Your task is to copy the data exactly while leaving out every picture.

*** Supplied data Section Begins ***

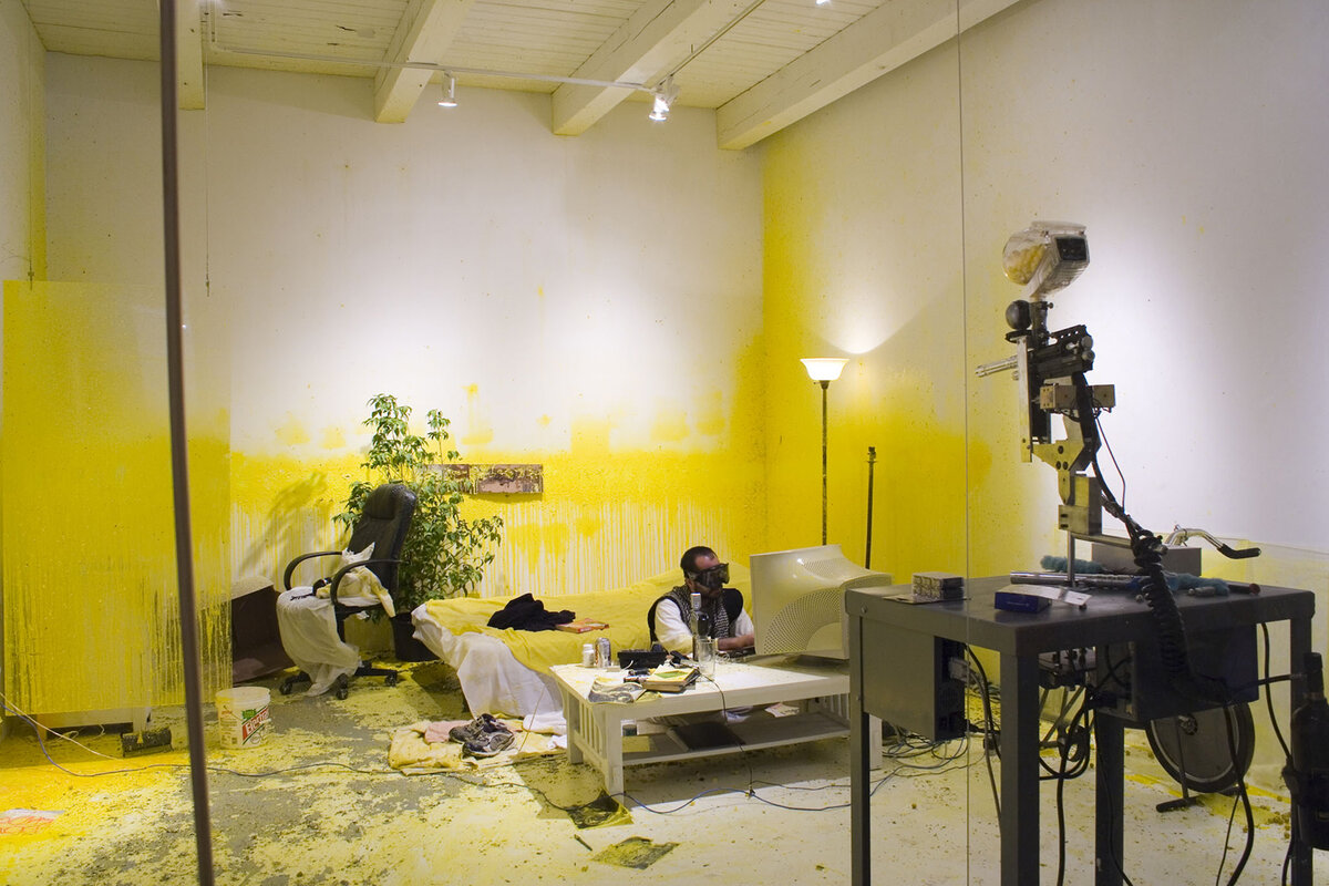 В предыдущей статье мы с вами поговорили о случаях, когда современное искусство переступило черту. Баночки с ******* и блюющая девушка... Теперь я хочу рассказать вам об авторах, заслуживающих уважения. Начнем с теории. Все авторы, которые будут представлены далее -- концептуалисты. Это означает, что для них на первом месте стоит идея, которую они хотят донести до зрителя. Форма же, в которую будет обернута идея -- второстепенна. Их творчество не должно быть симпатичным или привлекательным. Оно может быть, странным, омерзительным и тошнотворным. Важен посыл. Вафа Билал. Внутреннее напряжение. Вафа Билал -- американский художник, родом из Ирака. Человек не без образования. Ранее Вафа значился профессором школы искусств Чикаго, о которой я писал в своей первой статье про современное искусство. В 2007 году Вафа устроил перфоманс. На протяжении месяца он жил в комнате... В комнате также была установлена камера, через которую каждый желающий мог наблюдать круглосуточно, в режиме онлайн з
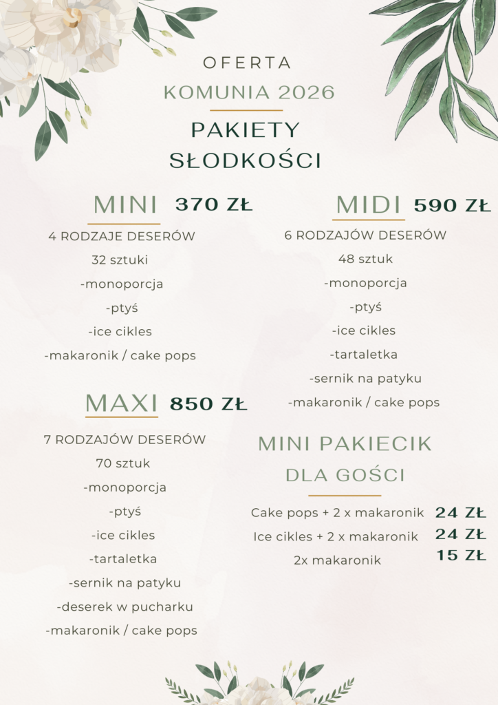 Mamy dla Was komunijną ofertę 2026, w której znajdziecie wszystko, co potrzebne, by stworzyć zachwycający słodki stół w domowym klimacie.
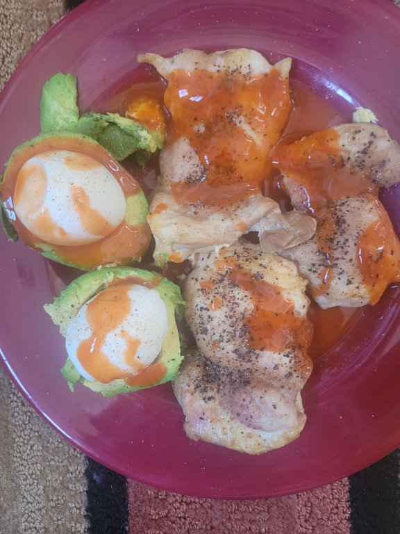 Twenty years ago I wouldn't have touched chicken thighs or avocado. Not sure about the combination but here we are. View attachment 74788
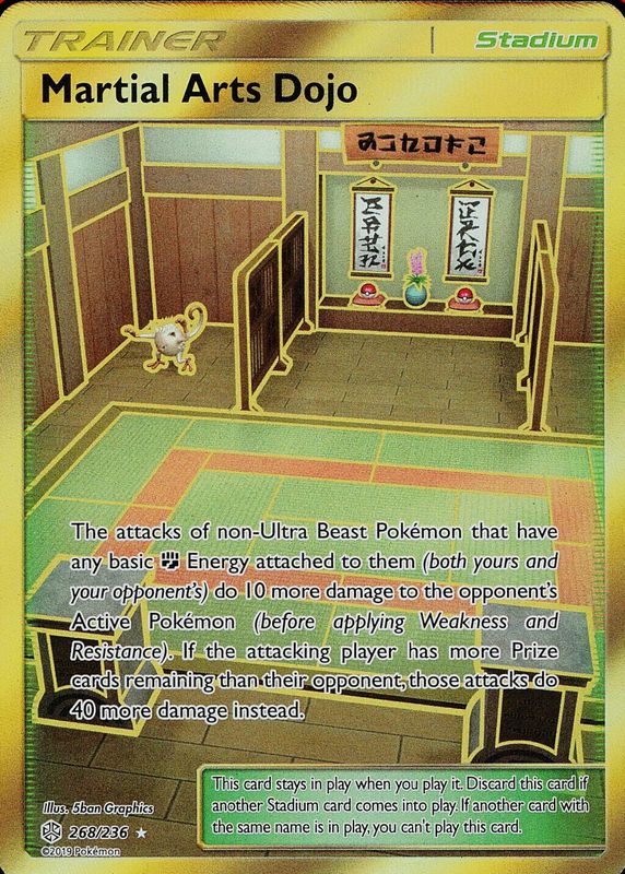 Martial Arts Dojo's Pokemon cards are available in at least 2 sets. Martial Arts Dojo's biggest 7-day price movers are 2019 Sun & Moon: Cosmic Eclipse #268/236 Holo (Secret), and 2019 Japanese Sun & Moon: Remix Bout #079/064 Ultra Rare.

*** Supplied data Section Ends ***

Answer for the task:
 В предыдущей статье мы с вами поговорили о случаях, когда современное искусство переступило черту. Баночки с ******* и блюющая девушка... Теперь я хочу рассказать вам об авторах, заслуживающих уважения. Начнем с теории. Все авторы, которые будут представлены далее -- концептуалисты. Это означает, что для них на первом месте стоит идея, которую они хотят донести до зрителя. Форма же, в которую будет обернута идея -- второстепенна. Их творчество не должно быть симпатичным или привлекательным. Оно может быть, странным, омерзительным и тошнотворным. Важен посыл. Вафа Билал. Внутреннее напряжение. Вафа Билал -- американский художник, родом из Ирака. Человек не без образования. Ранее Вафа значился профессором школы искусств Чикаго, о которой я писал в своей первой статье про современное искусство. В 2007 году Вафа устроил перфоманс. На протяжении месяца он жил в комнате... В комнате также была установлена камера, через которую каждый желающий мог наблюдать круглосуточно, в режиме онлайн з
 Mamy dla Was komunijną ofertę 2026, w której znajdziecie wszystko, co potrzebne, by stworzyć zachwycający słodki stół w domowym klimacie.
 Twenty years ago I wouldn't have touched chicken thighs or avocado. Not sure about the combination but here we are. View attachment 74788
 Martial Arts Dojo's Pokemon cards are available in at least 2 sets. Martial Arts Dojo's biggest 7-day price movers are 2019 Sun & Moon: Cosmic Eclipse #268/236 Holo (Secret), and 2019 Japanese Sun & Moon: Remix Bout #079/064 Ultra Rare.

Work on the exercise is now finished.